=== What you need to do ===
From the entries that follow, copy exactly the lines beginning at the line holding "Fototapeta premium NORWAY, RINGVASSOYA" and continuing through the line holding "얻을 수 있습니다. |".
[[ Records provided, beginning ]]
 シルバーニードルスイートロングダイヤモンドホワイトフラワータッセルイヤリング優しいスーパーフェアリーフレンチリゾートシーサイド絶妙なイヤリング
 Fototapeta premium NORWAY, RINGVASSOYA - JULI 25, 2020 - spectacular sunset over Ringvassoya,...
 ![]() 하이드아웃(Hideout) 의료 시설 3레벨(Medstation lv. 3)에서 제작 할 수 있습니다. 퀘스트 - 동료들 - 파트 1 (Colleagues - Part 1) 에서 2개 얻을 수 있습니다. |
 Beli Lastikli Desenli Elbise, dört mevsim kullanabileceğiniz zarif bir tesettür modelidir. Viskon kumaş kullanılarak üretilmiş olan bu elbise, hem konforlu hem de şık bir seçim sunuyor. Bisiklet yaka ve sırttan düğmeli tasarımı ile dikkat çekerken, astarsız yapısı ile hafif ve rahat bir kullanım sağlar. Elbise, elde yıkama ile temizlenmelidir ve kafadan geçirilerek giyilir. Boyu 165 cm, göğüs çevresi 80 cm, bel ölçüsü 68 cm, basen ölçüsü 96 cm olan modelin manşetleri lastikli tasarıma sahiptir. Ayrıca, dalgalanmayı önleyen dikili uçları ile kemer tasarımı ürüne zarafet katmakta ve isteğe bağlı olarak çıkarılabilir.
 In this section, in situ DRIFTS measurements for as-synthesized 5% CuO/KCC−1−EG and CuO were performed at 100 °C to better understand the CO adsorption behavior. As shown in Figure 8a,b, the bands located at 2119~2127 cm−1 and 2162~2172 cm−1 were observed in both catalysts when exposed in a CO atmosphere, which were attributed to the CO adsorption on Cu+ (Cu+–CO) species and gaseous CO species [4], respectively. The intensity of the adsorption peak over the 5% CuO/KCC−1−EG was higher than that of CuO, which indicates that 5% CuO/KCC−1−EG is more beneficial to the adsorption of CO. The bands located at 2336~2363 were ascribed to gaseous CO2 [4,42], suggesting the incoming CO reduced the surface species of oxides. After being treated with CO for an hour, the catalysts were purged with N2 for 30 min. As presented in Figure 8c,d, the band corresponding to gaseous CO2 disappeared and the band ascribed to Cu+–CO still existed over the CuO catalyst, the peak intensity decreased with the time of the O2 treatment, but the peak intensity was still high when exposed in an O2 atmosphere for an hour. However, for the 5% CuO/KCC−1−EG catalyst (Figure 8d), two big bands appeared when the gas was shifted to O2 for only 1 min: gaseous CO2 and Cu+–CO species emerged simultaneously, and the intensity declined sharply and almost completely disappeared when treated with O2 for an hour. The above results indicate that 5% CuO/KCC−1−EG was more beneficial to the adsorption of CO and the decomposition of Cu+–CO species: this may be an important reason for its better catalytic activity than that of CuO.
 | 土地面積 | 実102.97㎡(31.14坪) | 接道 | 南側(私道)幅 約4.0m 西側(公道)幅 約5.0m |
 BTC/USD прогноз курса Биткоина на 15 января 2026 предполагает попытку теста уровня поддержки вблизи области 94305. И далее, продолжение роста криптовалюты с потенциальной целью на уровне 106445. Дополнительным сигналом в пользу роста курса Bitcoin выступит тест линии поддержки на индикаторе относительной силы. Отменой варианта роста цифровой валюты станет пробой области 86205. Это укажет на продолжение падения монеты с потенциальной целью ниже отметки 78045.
[[ Records provided, end ]]
=== Solution to the exercise ===
 Fototapeta premium NORWAY, RINGVASSOYA - JULI 25, 2020 - spectacular sunset over Ringvassoya,...
 ![]() 하이드아웃(Hideout) 의료 시설 3레벨(Medstation lv. 3)에서 제작 할 수 있습니다. 퀘스트 - 동료들 - 파트 1 (Colleagues - Part 1) 에서 2개 얻을 수 있습니다. |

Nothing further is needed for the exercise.